(Records from a data source)
■ ■ ■
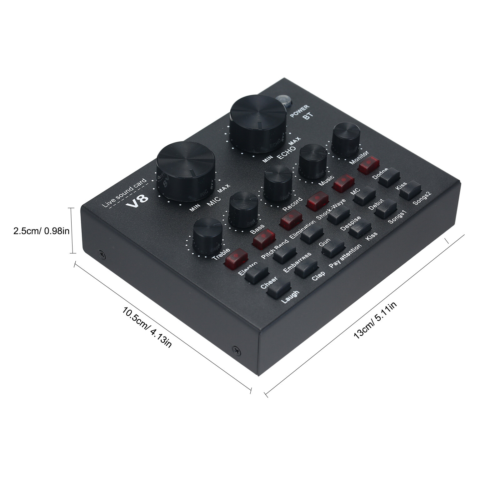 Independent control knob with adjustable microphone volume, reverb volume, treble, bass, recording volume, music volume, monitor volume.
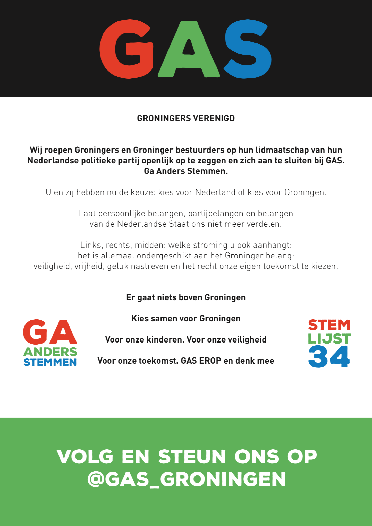 Wij roepen Groningers en Groninger bestuurders op hun lidmaatschap van hun Nederlandse politieke partij openlijk op te zeggen en zich aan te sluiten bij GAS. Ga Anders Stemmen.
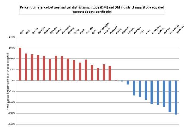 Next, we can look at how proportional each governorate is. I’m aware of some proportionality indices, but they only work if we have party votes. (If anybody knows a good way to measure without this information, please let me know). So absent this information, I tried another idea. I took the the percentage difference between district magnitude if the 252 PR seats were perfectly distributed, and the actual average district magnitude in each governorate. So, for example, if seats were distributed perfectly by population, Cairo would receive 29 seats. Then the most proportional distribution would be for all of it’s 8,968,694 residents to vote in one district with 29 seats. In reality, however, the average district magnitude is 4, with each one having 2,242,181 residents in it. Comparing the percentage difference of these numbers across governorates should allow us to view how proportional each region is in comparison to each other. Figure three shows there is once again a pattern; large population governorates are the least proportional while small ones are more so. Lines in red have an actual district magnitude lower than the expected value, while blue lines have a DM that is actually higher than we would expect. This pattern isn’t terribly surprising and should be expected when you hold the district magnitude constant across all regions, regardless of population.
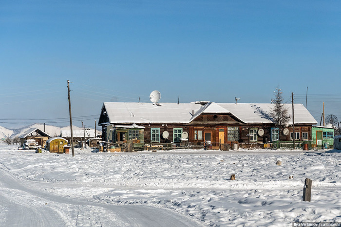 Действительно ли в Оймяконе было -71,2 градуса или нет, не так важно. Тут адски холодно даже весной. Когда я приехал днём, термометр показывал -53, хотя в этот момент в Якутске уже без шапок народ ходил. Ещё в Оймяконе очень контрастная температура. То есть если ночью -50, то днём на солнышке может быть -30! Как вам такие скачки?
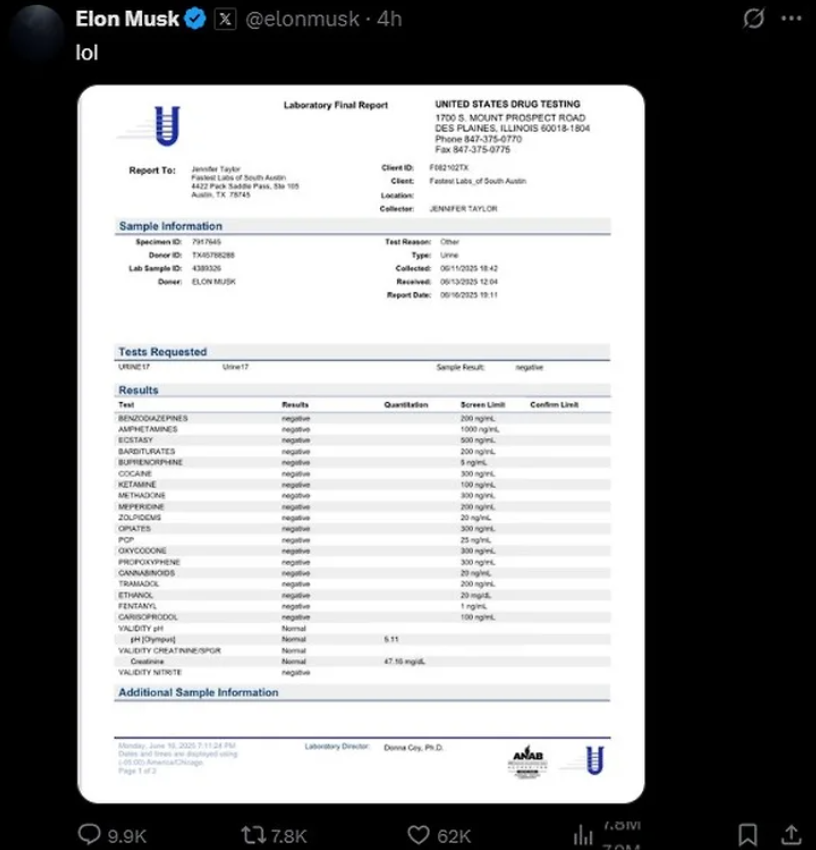 Згідно з документом, опублікованим Маском, усі тести — на кетамін, кокаїн, амфетамін, МДМА та інші наркотики — виявилися негативними
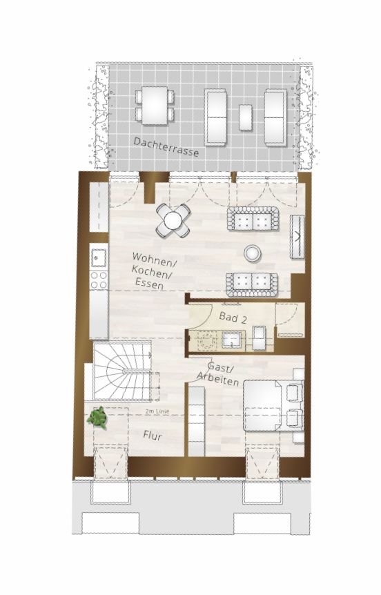 - Dachterrasse mit hofseitiger Ausrichtung: Genießen Sie die Vorzüge einer privaten Außenfläche, die idealen Raum zum Entspannen bietet.
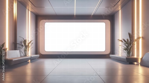 Futuristic Presentation Space: A sleek and modern presentation space featuring minimalist design elements, bright lighting, and an expansive blank screen perfect for showcasing your vision.
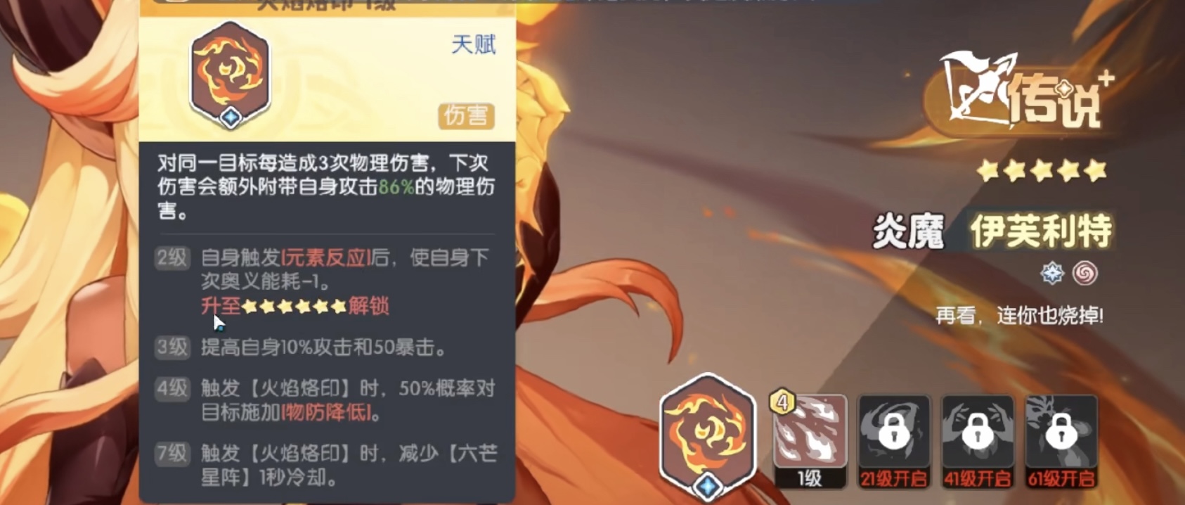 第三推荐角色:炎魔,属早期上线的限定英雄,具备极高的前期伤害上限。其技能组以高倍率范围伤害与短CD爆发为核心,成型速度快,养成路径简洁。建议新手玩家在开局阶段集中钻石资源抽取并优先完成觉醒——觉醒后的炎魔不仅在中期团队副本中持续输出能力跃升,更能在多波次战斗中提供可观的AOE压制效果,切实提升推图效率与战斗容错率。
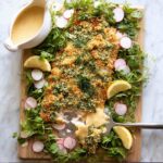 Mix the toasted panko with melted butter, grated Parmesan, chopped parsley and dill, lemon zest, salt, and pepper. This flavorful crumb will form the delicious crust that’s crispy and beautifully aromatic.
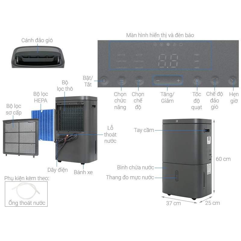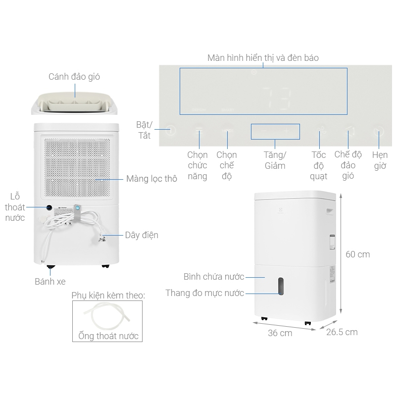 [FREESHIP + LẮP ĐẶT HN]Máy hút ẩm Electrolux 20 lít EDH10TRBW1 - Bảo hành 24 tháng
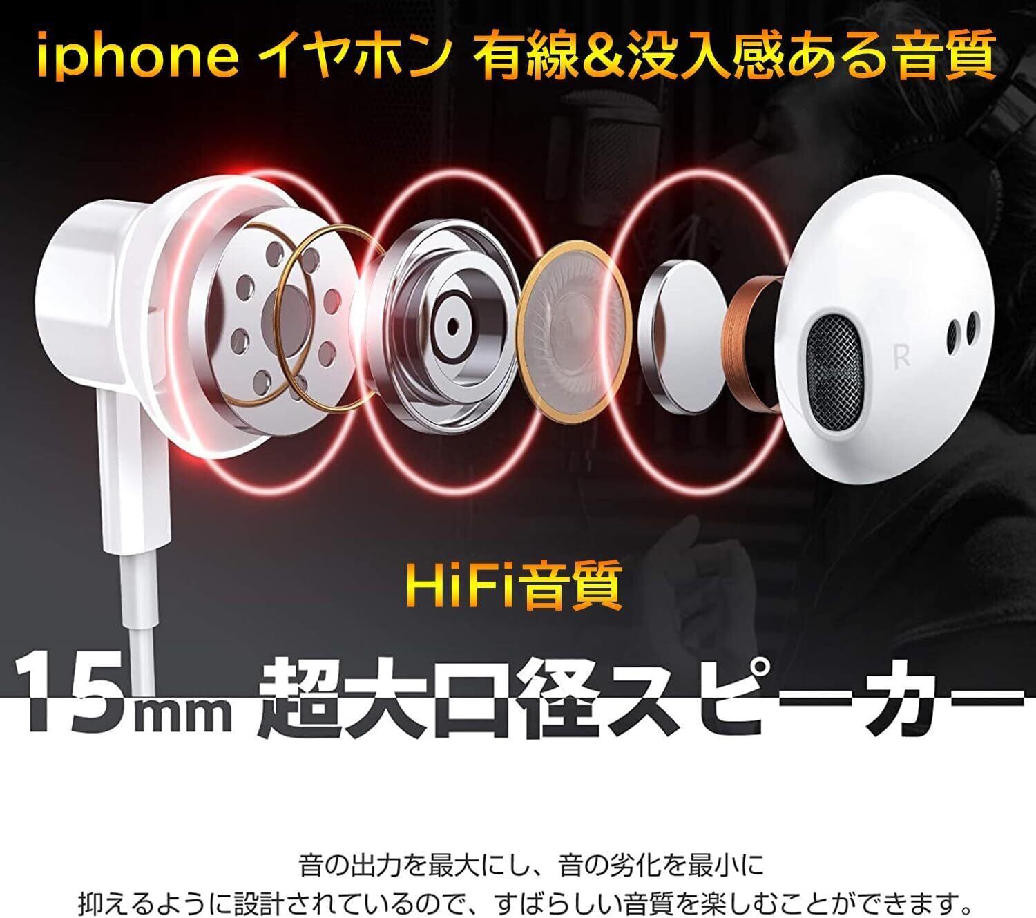 【没入感ある音質】iphone用有線 イヤホンはアップグレードチップを搭載し、最新改良の高品質スピーカーが搭載されており、複合鼓膜ダイナミックドライバーを備えており、イヤホンは内蔵の前後の振動膜アップグレードし、HiFi高音質に対応し、音質劣化・遅延などを効果良く軽減し、純音信号がそのまま高速に伝送し、高音から重低音まで歪みのなく迫力な音質を伝達します。まるでコンサート会場のような雰囲気です。また、このイヤホンは外部のノイズを効果的に遮断することができます。そのため、電車やエレベーターなどの公共の場所でも、音漏れを気にする必要がありません。音楽をよりクリアに聴くことができます。全ての音楽ファンにおすすめの製品です。
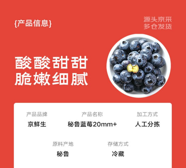 Jingxiansheng Imported Peruvian Blueberry Big Mac 20mm+ 4 boxes 125g/box fresh fruit straight from the source
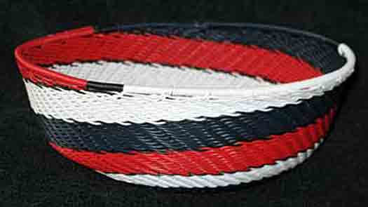 Telephone baskets are very popular and hard to find. Each one is unique. They are solidly made and heavy. This basket is made of recycled telephone wire and has vivid colors. It has a lovely shape. Marvel at the talent used to make this true work of usable art. Wash with warm soapy water! A very pretty bowl-shaped basket! It is also wonderfully crafted. Compare the quality and even technique of our telephone wire bowls to others. Extraordinary!
■ ■ ■
Using the records above, repeat exactly the run of lines that starts with the line with "第三推荐角色:炎魔,属早期上" and goes on through the line with "Jingxiansheng Imported Peruvian"; omit each picture.

## Result of this task
 第三推荐角色:炎魔,属早期上线的限定英雄,具备极高的前期伤害上限。其技能组以高倍率范围伤害与短CD爆发为核心,成型速度快,养成路径简洁。建议新手玩家在开局阶段集中钻石资源抽取并优先完成觉醒——觉醒后的炎魔不仅在中期团队副本中持续输出能力跃升,更能在多波次战斗中提供可观的AOE压制效果,切实提升推图效率与战斗容错率。
 Mix the toasted panko with melted butter, grated Parmesan, chopped parsley and dill, lemon zest, salt, and pepper. This flavorful crumb will form the delicious crust that’s crispy and beautifully aromatic.
 [FREESHIP + LẮP ĐẶT HN]Máy hút ẩm Electrolux 20 lít EDH10TRBW1 - Bảo hành 24 tháng
 【没入感ある音質】iphone用有線 イヤホンはアップグレードチップを搭載し、最新改良の高品質スピーカーが搭載されており、複合鼓膜ダイナミックドライバーを備えており、イヤホンは内蔵の前後の振動膜アップグレードし、HiFi高音質に対応し、音質劣化・遅延などを効果良く軽減し、純音信号がそのまま高速に伝送し、高音から重低音まで歪みのなく迫力な音質を伝達します。まるでコンサート会場のような雰囲気です。また、このイヤホンは外部のノイズを効果的に遮断することができます。そのため、電車やエレベーターなどの公共の場所でも、音漏れを気にする必要がありません。音楽をよりクリアに聴くことができます。全ての音楽ファンにおすすめの製品です。
 Jingxiansheng Imported Peruvian Blueberry Big Mac 20mm+ 4 boxes 125g/box fresh fruit straight from the source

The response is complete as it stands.